● Task instructions
Starting at the line that contains "Biblioteka Pedagogiczna w", copy every line to the end of the material below exactly, and omit the pictures.
-- Available data follows --
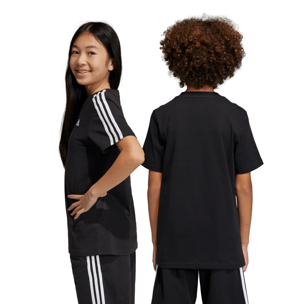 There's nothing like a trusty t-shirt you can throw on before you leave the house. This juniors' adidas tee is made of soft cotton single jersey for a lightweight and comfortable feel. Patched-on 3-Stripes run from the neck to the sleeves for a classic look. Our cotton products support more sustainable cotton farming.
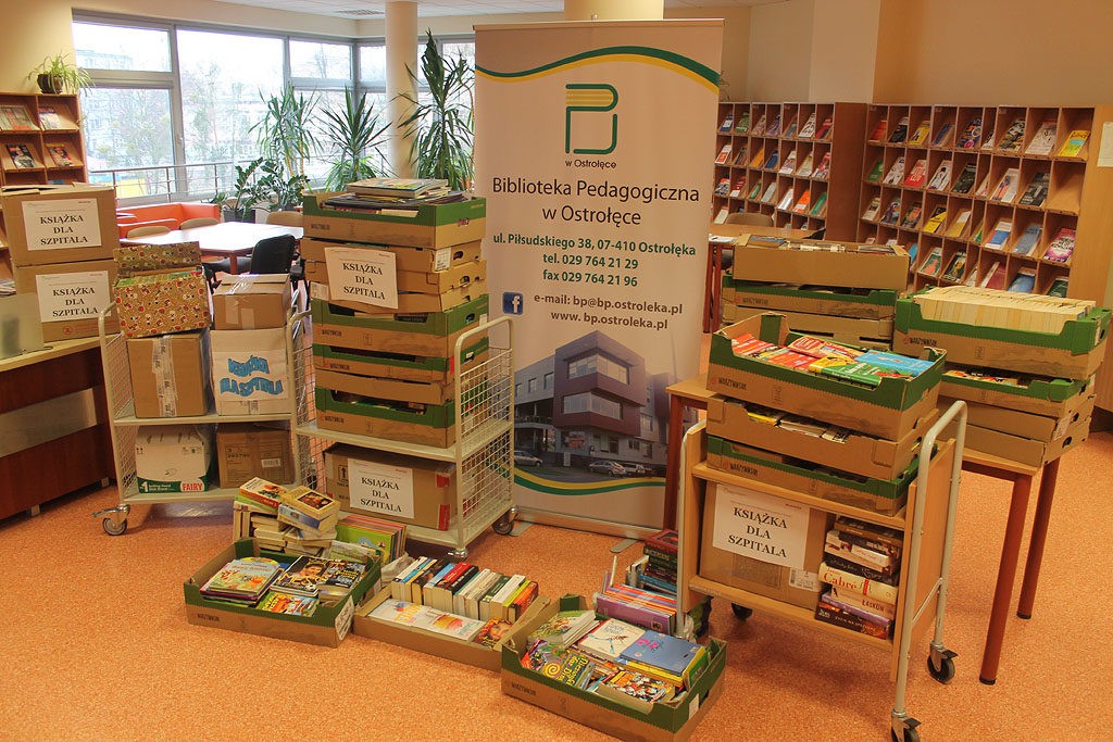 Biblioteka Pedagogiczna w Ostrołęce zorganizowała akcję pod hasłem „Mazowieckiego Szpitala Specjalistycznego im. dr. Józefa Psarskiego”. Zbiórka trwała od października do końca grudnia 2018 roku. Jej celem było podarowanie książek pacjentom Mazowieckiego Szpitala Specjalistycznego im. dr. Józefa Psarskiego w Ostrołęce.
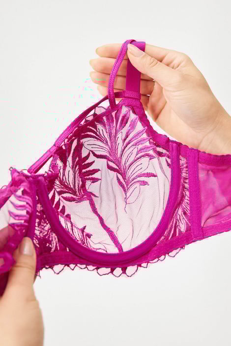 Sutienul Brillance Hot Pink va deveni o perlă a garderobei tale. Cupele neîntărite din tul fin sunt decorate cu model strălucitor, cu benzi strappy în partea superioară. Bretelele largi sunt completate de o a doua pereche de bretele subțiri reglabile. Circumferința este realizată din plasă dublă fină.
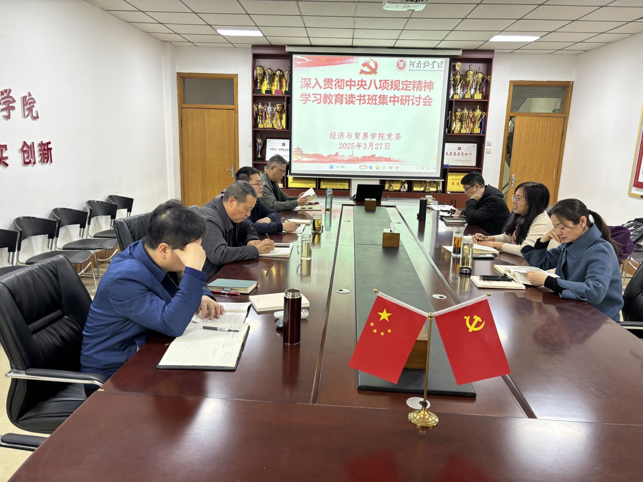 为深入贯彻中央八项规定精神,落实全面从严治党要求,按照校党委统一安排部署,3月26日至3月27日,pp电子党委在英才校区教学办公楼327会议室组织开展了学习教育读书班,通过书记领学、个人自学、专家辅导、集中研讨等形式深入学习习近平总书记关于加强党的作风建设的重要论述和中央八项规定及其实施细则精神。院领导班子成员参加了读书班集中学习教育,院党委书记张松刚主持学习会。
-- Available data concluded --
● Answer section
 Biblioteka Pedagogiczna w Ostrołęce zorganizowała akcję pod hasłem „Mazowieckiego Szpitala Specjalistycznego im. dr. Józefa Psarskiego”. Zbiórka trwała od października do końca grudnia 2018 roku. Jej celem było podarowanie książek pacjentom Mazowieckiego Szpitala Specjalistycznego im. dr. Józefa Psarskiego w Ostrołęce.
 Sutienul Brillance Hot Pink va deveni o perlă a garderobei tale. Cupele neîntărite din tul fin sunt decorate cu model strălucitor, cu benzi strappy în partea superioară. Bretelele largi sunt completate de o a doua pereche de bretele subțiri reglabile. Circumferința este realizată din plasă dublă fină.
 为深入贯彻中央八项规定精神,落实全面从严治党要求,按照校党委统一安排部署,3月26日至3月27日,pp电子党委在英才校区教学办公楼327会议室组织开展了学习教育读书班,通过书记领学、个人自学、专家辅导、集中研讨等形式深入学习习近平总书记关于加强党的作风建设的重要论述和中央八项规定及其实施细则精神。院领导班子成员参加了读书班集中学习教育,院党委书记张松刚主持学习会。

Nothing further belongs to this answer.